# [PROBLEM]
The answer should be the exact lines from the line containing "Note 1:DP8B and" through the last line of the material below, with no pictures.

# [DATASET CONTENT]

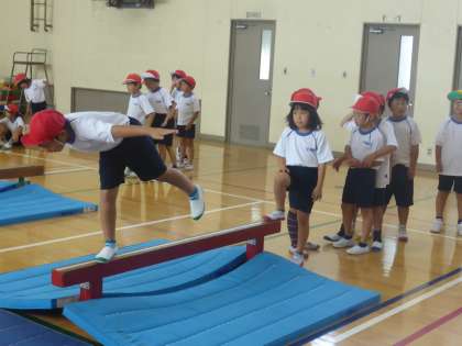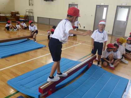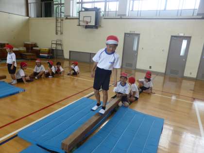 平均台でいろいろなポーズやわたり方に挑戦しました。片足ポーズや1回転ターンなどを組み合わせながら,遊び方を工夫しました。
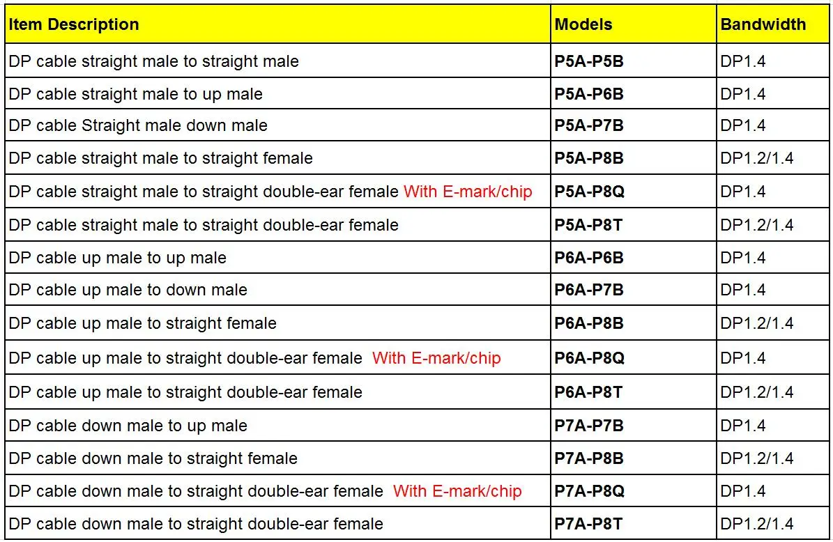Note 1:DP8B and DP8T have no E-mark/chip. After two DP lines are connected in series, the signal attenuation may not meet the DP1.4 full speed. DP8Q with E-mark/chip, active chip technology can enhance the signal, support DP1.4 full speed
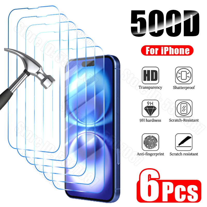 Protector de pantalla de vidrio templado para móvil, Protector de pantalla para iPhone 16, 15, 14, 13, 12, 11 Pro Max, 16, 15, 14 Plus, X, XR, XS Max, SE 2020, 2022, 6 unidades

# [REPLY TO THE EXERCISE]
Note 1:DP8B and DP8T have no E-mark/chip. After two DP lines are connected in series, the signal attenuation may not meet the DP1.4 full speed. DP8Q with E-mark/chip, active chip technology can enhance the signal, support DP1.4 full speed
 Protector de pantalla de vidrio templado para móvil, Protector de pantalla para iPhone 16, 15, 14, 13, 12, 11 Pro Max, 16, 15, 14 Plus, X, XR, XS Max, SE 2020, 2022, 6 unidades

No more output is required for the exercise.